**Records from a data source**
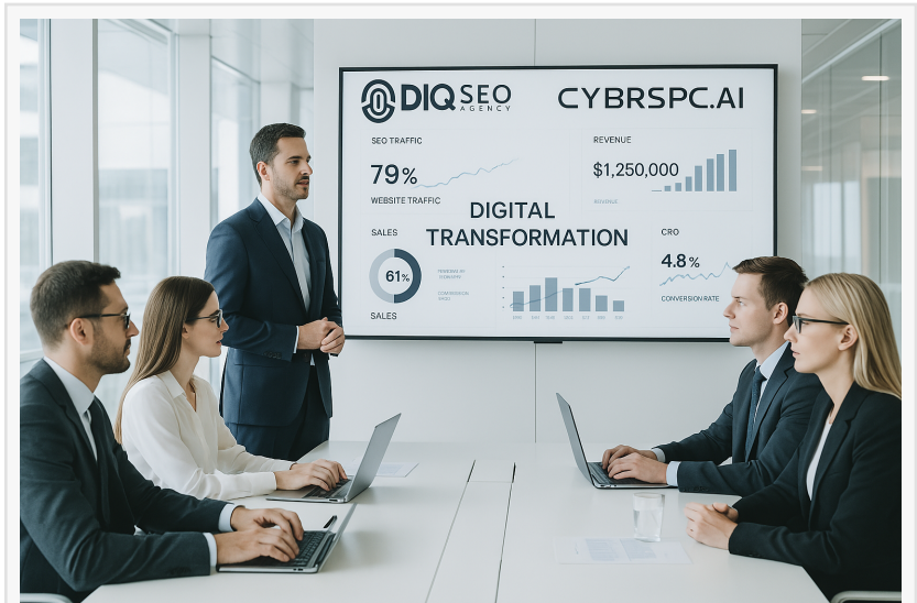
SEO Compay in Fredericksburg Texas

Website chatbots that remember conversations and maintain context across sessions
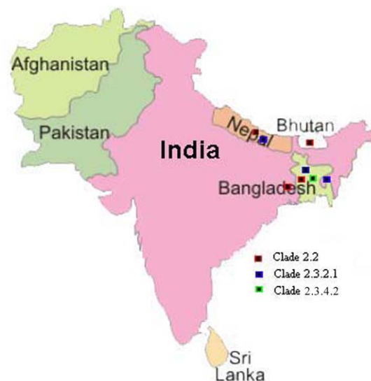
Figure 5. Circulation of H5N1 viruses in South Asia since 2010. doi:10.1371/journal.pone.0031844.g005
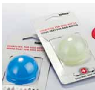
7 PAWI Verpackungen AG
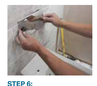
FIX WC AND FLUSH PLATE

You are now ready to plaster and tile your installation. When you've completed that, you can cut down the protection housing flush with your tiles and remove the protection covers ready to fix the WC.
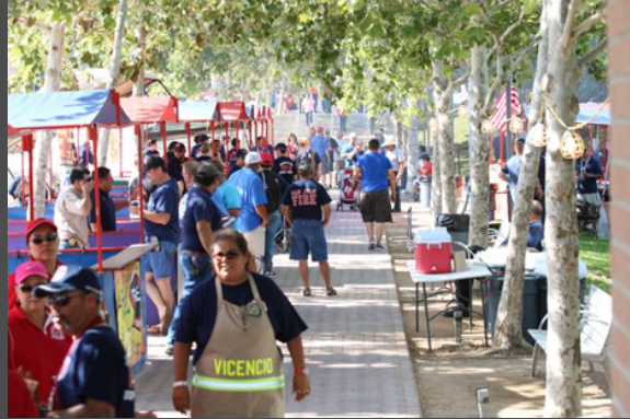
Taste of the Valley, 2016 Conference, McAllen
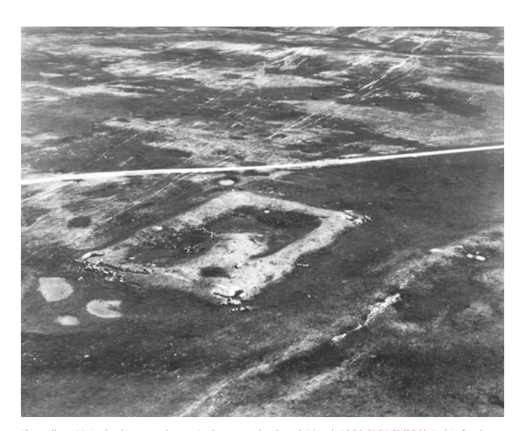
'Castellum Najm looking north-east', photographed on 8 March 1938 (ASA/3/233). In his final report, Stein wrote: 'The location of a Roman castellum at Najma ... affords the definite and historically important indication that the route ... was for a time protected by Rome as an outlying section of its Mesopotamian limes .'

From March to May, Stein continued to survey the area by plane and by car. By 4 April, he was able to report 'the discovery of 3 Roman castella which settles the previously unsuspected line of the Roman road connecting the well-cultivated centre of the Sinjar range with the great stronghold of Nisibis.' Six weeks later, he had traced the southern extension of the limes , but by now the weather had become intolerably hot, and so the project was put on hold until the crew were able to reassemble in the cooler autumn months.
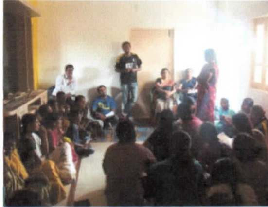
Photo: Guiding Students by NSS Volunteers
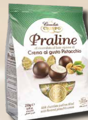
CRPP Praline Pistacchio 12*250 g
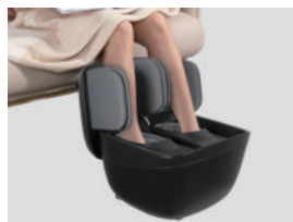
Opt.2 Foot and leg massager

**Task details**
Only the lines from the top of the data through the line with "Mesopotamian limes .'" should be quoted, exactly and with both ends kept; skip the pictures.

**Problem solution**
SEO Compay in Fredericksburg Texas

Website chatbots that remember conversations and maintain context across sessions
Figure 5. Circulation of H5N1 viruses in South Asia since 2010. doi:10.1371/journal.pone.0031844.g005
7 PAWI Verpackungen AG
FIX WC AND FLUSH PLATE

You are now ready to plaster and tile your installation. When you've completed that, you can cut down the protection housing flush with your tiles and remove the protection covers ready to fix the WC.
Taste of the Valley, 2016 Conference, McAllen
'Castellum Najm looking north-east', photographed on 8 March 1938 (ASA/3/233). In his final report, Stein wrote: 'The location of a Roman castellum at Najma ... affords the definite and historically important indication that the route ... was for a time protected by Rome as an outlying section of its Mesopotamian limes .'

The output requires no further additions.